R. M. Foster, who bought stock, testified about the purchase of the stock, and about the sale to others in Helena; that he made a note and paid it to Ike Kempner. The note was made payable to Duke. Kempner told him that he regarded the stock as valuable. Duke represented to others that he was selling his individual stock. Duke and Chambers were present when witness made the note. He was afterwards made a director.
Stephens testified about purchasing the stock and paying the $1,000 cash and giving his note. He testified that the stock that he bought was not worth anything.
The witnesses for appellant contradicted the statements made by appellee's witnesses, but the undisputed evidence shows that Kempner gave his note, or rather gave two notes, one for $17,500 and one for $5,000. After the suit was brought, Mr. Kempner died, and, of course, we do not have his testimony.
J. M. Kempner, son of Ike Kempner, and one of the executors of the estate, testified and introduced the original *880 note, signed by Stephens. Kempner also testified that, when his father received the note from Chambers, Chambers did not indorse it, and Mr. Kempner testified that it was not indorsed by Chambers because his father had every reason to believe that the maker of the note would pay. He testified that his father knew that the note was given for stock, and all circumstances in evidence tend to show that he knew this.
While it is said that Mr. Kempner bought stock, giving his note for $22,500, and bought the stock as an investment, yet, in his dealings with Mr. Chambers, all of the stock for which he had given his note was taken back by Chambers, except 700 shares of it, and in exchange therefore he was given the notes of Stephens and others.
As we have said, no money was paid into the concern; Mr. Kempner was vice president and director, and there is substantial evidence that Duke was selling stock for Chambers. It is true this evidence is denied, but, when the evidence is in conflict, it is a question for the jury, and the court, at the request of the appellees, instructed the jury that, if Duke was the owner of the stock which he sold to Stephens and sold it in the ordinary and usual course of business and he was in no sense a promoter of the same, it would not be necessary for him, as such owner, to comply with the Blue Sky Law, and that the sale, under such circumstances, would be perfectly valid, and the note be valid and binding.
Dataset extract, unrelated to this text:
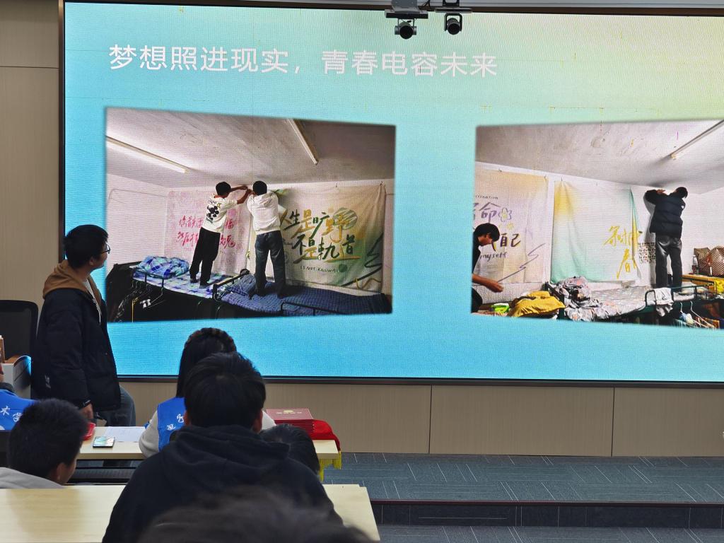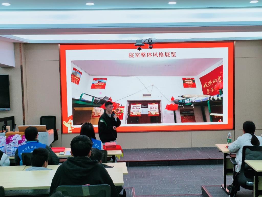 决赛现场,各寝室代表通过PPT展示、视频介绍及现场解说等形式,围绕“创意、舒适、环保、红色文化”等主题,展开了一场场精彩纷呈的创意对决。从布局规划到色彩搭配,从装饰品的选择到整体风格的营造,无不彰显出同学们的匠心独运和无限创意。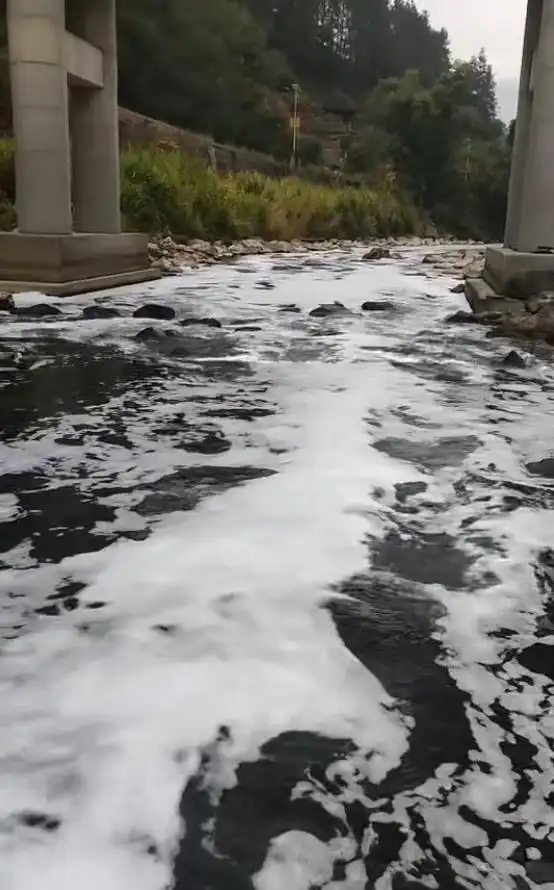 12月8日,广西桂林龙胜县村民反映,当地一家洗发水厂长期向金江河排放污水,以至于河面漂浮大量白色泡沫状物质,并散发化学香精气味。

The court also, at the request of the appellant, instructed the jury in effect that the defense to the action was that the Blue Sky Laws had not been complied with; that this defense could not stand or prevail as to Kempner, who was suing on the note, unless the jury found that Kempner knew that the note was actually given for sale of stock, and unless they find also that the stock had been sold in violation of the Blue Sky Law; that, if they found that the Blue Sky Law had been violated, this would not defeat a recovery, but Kempner must have known at the time that he acquired the note, that it had been given *881 for stock, and must have also known that the Blue Sky Law had not been complied with.
The court also, at the request of the appellant, instructed the jury that the burden was on appellee to show that Kempner had knowledge of the fact that the note sued on was given in payment of stock, and that such stock was sold in violation of the Blue Sky Law.
The court also gave an instruction, at the request of the appellee, that no person or corporation could engage in the business of selling or the offering for sale of securities until permission was given by the Arkansas Railroad Commission. In the same instruction the court told them that this does not include the owner or issuer, who acquires stock for his own account in the usual and ordinary course of business, and not for the direct or indirect promotion of any speculative enterprise.
The court told the jury that it is undisputed that neither Duke nor Chambers had complied with the Blue Sky Law, and that, if it appeared from the preponderance of the evidence that Duke, either acting for himself or as agent for Chambers, was engaged in the sale of stock of the Specification Motor Oil System, Incorporated, in the promotion of a speculative enterprise, and not in the usual and ordinary course of business, and, while engaged in said promotion sold the stock to appellee, the note would be void and unenforcible, unless they further found that Kempner purchased it without knowledge that said stock was sold in violation of law.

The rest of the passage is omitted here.